Rise is the debut album by Northern Ireland rock band The Answer. It has sold in excess of 30,000 copies in the UK & Europe and 10,000 on day one in Japan.

The album was recorded at Olympic Studio 1 at the Monnow Valley Studio in Wales and the Albert Studio in London during the fall of 2005. Produced by Andy Bradfield and Avril MacKintosh, the Albert Productions team (with back room production from George Young) and Neal Calderwood from the band's hometown.

Tracks released from the album were "Never Too Late", "Into The Gutter", "Under The Sky", "Come Follow Me" and "Be What You Want".

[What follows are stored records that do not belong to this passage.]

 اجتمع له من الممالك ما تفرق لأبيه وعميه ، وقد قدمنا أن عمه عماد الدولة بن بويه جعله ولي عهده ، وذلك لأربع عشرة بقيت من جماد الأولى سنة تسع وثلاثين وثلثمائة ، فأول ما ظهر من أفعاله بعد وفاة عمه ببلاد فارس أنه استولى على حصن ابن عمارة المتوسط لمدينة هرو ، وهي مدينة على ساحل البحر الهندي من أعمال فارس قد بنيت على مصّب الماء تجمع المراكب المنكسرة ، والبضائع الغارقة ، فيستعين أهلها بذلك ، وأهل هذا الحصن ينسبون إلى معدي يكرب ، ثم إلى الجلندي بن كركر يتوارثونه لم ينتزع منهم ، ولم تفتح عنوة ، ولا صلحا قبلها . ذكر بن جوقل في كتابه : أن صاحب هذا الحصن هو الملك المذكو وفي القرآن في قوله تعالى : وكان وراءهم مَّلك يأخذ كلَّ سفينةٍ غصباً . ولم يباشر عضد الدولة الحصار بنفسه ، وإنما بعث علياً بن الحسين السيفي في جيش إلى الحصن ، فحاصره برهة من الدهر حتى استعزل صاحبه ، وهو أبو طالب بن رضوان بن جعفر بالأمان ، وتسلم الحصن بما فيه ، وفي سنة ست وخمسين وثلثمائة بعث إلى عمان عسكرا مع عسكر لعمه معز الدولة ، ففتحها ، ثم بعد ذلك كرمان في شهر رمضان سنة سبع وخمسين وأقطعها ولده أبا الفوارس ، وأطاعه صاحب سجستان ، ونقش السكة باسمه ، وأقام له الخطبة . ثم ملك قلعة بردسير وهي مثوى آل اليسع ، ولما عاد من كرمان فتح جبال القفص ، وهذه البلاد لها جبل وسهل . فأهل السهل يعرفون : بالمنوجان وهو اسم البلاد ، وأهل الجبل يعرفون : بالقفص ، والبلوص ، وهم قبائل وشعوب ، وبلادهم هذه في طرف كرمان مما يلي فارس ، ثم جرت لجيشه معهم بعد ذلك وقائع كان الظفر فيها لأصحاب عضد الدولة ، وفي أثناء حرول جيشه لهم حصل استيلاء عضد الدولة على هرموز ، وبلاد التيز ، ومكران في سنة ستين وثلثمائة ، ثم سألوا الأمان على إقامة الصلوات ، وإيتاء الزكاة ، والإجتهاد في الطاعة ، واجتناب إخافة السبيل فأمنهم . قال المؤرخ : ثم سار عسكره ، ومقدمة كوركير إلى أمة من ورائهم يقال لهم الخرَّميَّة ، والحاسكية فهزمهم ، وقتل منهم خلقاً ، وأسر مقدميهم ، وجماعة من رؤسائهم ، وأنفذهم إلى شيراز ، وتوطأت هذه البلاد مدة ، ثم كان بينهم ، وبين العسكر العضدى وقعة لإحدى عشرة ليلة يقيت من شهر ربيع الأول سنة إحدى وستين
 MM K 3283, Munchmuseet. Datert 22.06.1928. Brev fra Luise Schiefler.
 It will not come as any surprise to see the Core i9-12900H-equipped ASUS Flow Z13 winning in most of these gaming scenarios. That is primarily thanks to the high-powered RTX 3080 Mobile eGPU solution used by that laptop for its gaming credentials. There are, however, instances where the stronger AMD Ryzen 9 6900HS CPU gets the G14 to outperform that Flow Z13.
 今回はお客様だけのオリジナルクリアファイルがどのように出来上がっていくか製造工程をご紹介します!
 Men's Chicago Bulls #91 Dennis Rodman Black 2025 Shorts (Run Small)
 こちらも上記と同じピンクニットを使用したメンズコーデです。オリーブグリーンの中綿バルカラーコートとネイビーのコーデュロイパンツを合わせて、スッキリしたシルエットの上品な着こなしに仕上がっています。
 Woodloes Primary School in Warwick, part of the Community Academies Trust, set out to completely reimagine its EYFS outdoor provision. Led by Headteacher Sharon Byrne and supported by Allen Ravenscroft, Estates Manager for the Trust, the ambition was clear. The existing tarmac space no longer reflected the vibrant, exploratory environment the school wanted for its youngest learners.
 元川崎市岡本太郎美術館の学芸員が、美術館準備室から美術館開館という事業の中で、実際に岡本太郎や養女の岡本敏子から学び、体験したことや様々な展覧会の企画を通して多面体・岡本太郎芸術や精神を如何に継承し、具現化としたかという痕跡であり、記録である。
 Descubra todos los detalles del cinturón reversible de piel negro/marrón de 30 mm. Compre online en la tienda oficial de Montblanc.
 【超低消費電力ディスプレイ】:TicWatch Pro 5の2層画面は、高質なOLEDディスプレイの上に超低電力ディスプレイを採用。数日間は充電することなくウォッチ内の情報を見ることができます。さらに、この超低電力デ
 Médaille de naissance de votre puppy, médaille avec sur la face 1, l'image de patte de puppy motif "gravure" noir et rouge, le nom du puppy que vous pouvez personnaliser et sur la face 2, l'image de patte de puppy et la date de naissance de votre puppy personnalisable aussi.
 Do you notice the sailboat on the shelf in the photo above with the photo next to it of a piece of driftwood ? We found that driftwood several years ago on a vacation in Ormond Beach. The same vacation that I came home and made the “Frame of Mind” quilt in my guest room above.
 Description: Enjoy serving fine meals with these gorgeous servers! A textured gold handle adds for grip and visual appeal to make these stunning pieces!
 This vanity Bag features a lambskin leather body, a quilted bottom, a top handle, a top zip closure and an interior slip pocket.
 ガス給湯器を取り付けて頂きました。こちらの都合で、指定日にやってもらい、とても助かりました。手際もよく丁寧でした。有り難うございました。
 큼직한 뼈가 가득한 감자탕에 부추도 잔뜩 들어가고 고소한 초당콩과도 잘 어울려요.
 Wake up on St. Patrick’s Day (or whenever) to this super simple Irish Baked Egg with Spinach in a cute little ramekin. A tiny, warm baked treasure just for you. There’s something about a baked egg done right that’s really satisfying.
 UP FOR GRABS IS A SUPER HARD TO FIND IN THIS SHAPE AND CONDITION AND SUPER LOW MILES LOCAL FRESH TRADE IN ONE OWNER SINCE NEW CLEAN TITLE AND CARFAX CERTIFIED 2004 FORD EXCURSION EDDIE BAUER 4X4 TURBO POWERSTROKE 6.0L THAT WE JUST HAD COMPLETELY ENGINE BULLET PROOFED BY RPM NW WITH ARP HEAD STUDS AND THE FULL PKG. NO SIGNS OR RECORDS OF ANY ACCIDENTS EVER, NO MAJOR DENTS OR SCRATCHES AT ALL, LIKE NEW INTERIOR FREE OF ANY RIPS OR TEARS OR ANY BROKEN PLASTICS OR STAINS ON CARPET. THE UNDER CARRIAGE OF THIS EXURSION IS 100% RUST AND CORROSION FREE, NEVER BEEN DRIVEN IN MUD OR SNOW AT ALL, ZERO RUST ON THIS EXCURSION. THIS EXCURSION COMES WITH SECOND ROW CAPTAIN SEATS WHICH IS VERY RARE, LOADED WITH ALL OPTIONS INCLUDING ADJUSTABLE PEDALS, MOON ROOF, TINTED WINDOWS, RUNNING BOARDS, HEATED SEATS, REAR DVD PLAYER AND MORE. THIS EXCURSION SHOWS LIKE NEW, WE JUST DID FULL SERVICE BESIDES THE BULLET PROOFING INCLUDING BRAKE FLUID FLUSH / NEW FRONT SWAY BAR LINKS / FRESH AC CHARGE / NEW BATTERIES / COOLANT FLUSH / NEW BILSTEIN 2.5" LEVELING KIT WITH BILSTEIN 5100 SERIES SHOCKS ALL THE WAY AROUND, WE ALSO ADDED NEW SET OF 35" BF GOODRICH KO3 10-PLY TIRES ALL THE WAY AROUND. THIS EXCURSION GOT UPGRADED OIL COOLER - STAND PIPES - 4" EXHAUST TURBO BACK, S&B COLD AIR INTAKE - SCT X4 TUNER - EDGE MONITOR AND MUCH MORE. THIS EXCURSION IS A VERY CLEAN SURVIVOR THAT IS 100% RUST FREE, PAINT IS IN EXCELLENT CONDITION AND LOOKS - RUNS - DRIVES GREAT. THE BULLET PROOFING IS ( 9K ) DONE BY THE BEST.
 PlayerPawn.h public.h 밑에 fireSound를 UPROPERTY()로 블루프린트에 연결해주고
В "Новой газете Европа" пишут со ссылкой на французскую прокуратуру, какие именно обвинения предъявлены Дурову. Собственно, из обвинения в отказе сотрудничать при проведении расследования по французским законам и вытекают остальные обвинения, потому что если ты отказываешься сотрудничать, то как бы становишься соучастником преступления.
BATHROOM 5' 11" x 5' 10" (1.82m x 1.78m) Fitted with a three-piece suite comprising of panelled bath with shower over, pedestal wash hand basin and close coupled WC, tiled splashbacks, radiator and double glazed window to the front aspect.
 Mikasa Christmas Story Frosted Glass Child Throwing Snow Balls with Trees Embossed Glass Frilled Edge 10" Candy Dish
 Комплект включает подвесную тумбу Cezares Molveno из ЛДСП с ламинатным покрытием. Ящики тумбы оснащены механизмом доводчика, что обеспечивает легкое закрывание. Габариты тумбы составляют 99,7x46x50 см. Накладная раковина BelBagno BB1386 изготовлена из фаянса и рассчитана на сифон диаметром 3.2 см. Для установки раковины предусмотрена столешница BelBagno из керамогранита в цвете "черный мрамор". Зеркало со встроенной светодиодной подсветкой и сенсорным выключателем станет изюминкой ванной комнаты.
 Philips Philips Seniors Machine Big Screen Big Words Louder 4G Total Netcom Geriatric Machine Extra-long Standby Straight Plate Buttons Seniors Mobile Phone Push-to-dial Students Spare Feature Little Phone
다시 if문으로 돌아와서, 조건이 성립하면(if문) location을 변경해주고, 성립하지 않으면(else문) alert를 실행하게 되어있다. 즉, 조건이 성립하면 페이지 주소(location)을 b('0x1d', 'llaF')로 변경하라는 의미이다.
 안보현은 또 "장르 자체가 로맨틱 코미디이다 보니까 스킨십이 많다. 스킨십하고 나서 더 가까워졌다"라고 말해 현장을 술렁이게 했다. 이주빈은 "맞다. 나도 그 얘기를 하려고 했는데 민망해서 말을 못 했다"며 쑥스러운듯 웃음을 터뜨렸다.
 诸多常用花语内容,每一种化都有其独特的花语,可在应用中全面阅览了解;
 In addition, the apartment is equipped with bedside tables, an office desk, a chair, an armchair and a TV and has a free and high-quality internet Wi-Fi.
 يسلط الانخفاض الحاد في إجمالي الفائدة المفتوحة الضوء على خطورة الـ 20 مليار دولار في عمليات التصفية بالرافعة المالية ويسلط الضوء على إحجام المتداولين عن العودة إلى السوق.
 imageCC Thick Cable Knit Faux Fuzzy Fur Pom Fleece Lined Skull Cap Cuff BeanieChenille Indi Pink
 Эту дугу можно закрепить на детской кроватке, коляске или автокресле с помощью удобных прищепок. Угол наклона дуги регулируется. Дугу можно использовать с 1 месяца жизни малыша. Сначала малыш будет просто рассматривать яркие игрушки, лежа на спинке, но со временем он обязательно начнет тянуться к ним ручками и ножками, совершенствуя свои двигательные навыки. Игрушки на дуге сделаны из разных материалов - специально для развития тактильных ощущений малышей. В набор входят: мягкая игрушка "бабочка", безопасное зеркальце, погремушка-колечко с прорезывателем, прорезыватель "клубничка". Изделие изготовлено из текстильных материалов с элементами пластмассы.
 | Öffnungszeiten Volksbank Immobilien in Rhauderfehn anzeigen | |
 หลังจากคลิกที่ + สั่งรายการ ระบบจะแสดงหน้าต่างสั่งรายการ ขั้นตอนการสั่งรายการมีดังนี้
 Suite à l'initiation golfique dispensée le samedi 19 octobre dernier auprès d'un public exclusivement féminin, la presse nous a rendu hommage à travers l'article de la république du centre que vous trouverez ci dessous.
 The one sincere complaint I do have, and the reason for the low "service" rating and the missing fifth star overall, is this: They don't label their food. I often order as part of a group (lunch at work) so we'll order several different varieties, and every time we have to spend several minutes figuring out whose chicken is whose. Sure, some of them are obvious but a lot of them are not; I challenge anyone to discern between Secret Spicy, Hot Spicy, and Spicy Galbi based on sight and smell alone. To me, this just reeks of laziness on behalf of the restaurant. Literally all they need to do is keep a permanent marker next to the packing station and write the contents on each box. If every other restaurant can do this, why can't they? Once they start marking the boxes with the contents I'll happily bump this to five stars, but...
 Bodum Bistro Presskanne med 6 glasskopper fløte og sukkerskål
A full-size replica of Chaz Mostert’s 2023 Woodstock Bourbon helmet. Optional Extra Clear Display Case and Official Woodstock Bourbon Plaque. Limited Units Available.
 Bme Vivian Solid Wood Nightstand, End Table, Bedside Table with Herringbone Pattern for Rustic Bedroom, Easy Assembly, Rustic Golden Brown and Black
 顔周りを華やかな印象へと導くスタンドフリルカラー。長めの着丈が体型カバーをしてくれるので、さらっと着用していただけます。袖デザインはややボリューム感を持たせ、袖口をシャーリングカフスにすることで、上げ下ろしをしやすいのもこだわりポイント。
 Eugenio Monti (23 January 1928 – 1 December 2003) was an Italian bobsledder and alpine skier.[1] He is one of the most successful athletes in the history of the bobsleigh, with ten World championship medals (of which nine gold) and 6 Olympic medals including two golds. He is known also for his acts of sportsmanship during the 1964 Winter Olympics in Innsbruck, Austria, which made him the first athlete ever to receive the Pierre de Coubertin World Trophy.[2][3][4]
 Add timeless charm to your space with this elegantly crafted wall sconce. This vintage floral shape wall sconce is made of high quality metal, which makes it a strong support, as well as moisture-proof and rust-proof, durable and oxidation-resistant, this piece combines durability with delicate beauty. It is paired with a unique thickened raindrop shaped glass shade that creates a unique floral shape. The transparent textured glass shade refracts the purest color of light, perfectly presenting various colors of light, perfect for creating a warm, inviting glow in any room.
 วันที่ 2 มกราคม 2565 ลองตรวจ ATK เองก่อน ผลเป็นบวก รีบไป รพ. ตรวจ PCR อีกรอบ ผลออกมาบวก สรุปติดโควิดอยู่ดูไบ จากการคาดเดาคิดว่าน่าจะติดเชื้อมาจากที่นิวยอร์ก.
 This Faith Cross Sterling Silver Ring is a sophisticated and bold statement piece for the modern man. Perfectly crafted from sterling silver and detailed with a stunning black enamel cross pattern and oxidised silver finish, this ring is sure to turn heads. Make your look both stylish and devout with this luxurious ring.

Their website initially stated that Rise should have been released in the United States by December 2010. However, since signing with Napalm Records, they have announced that re-releases of The Answer's back catalogue will be released in the United States and other key territories in the near future. It was eventually released in the US in late 2013.

Track listings

Personnel
Cormac Neeson - Lead vocals
Paul Mahon - Guitar
Micky Waters - Bass
James Heatley - Drums

Studio Personnel 
Recorded at: Olympic Studios, Monnow Valley, Albert's

Engineered by: Avril Mackintosh, Andy Bradfield

Mixed by: Andy Bradfield

Special edition
A special edition version of the album was released on 17 June 2007 under the name "Rise: Special Edition". It contained two discs, with the first being the original "Rise" track listing, and the second being a collection of B-Sides, live recordings, as well as some acoustic sessions. It was given four out of five stars by TheMusicZine.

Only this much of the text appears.